Longitude: -4.9777 / 4°58'39"W

OS Eastings: 194418

OS Northings: 206624

OS Grid: SM944066

Mapcode National: GBR G7.BNY9

Mapcode Global: VH1RZ.N0TV

Entry Name: Fort Scoveston

Scheduled Date:

Source: Cadw

Source ID: 460

Cadw Legacy ID: PE339

Schedule Class: Defence

Category: Fort

Period: Post Medieval/Modern

County: Pembrokeshire (Sir Benfro)

Community: Llanstadwell (Llanstadwel)

Traditional County: Pembrokeshire


The monument comprises a fort built between 1861 and 1868 part of an intended north line of defences for Pembroke Dockyard developed during the threat of French invasion under Napoleon III. Only this fort of a chain of land forts from Newton Noyes to Burton Mountain was built. It is sited on a low hill with views across the countryside and comprises a very large hexagonal building with sides of 120m, surrounded by a dry moat some 8m deep and 11m wide with stone-revetted escarpment walls, natural rock forming the counter-scarp. There is a single entrance on the south approached by a serpentine road to what was a wooden bridge and is now an earth causeway. The entrance leads through a stone archway into a tunnel through a massive earth bank. The moat was covered by one double and four single two-storey ‘caponnieres’ – structures providing both access and cover; each has 4 gun embrasures and musketry loopholes. The fort was designed to have 32 guns sited on the ramparts served by 12 expense magazines set into traverses with each gun position protected from behind by earth. An earth bank also ran across the central parade ground. The garrison of 128 men was accomodated in the five caponnieres together with 12 barrel-vaulted bomb-proof casemates. Two barrel vaulted underground chambers formed the magazine was under the northwest rampart.

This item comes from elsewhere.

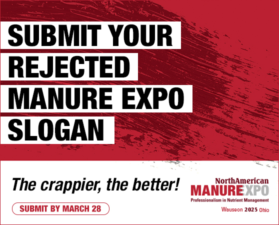 You can make your mark on this year’s North American Manure Expo – held July 30-31 in Wauseon, OH – by submitting your best (or crappiest) idea for the 2025 Rejected Slogan contest. But there’s not much time left. Submissions close March 28!

The monument is of national importance for its potential to enhance our knowledge of 19th century military organisation. The monument forms an important element within the wider context of the military history of Wales and the structures may contain well preserved archaeological evidence concerning chronology, layout and building techniques.

The scheduled area comprises the remains described and areas around them within which related evidence may be expected to survive.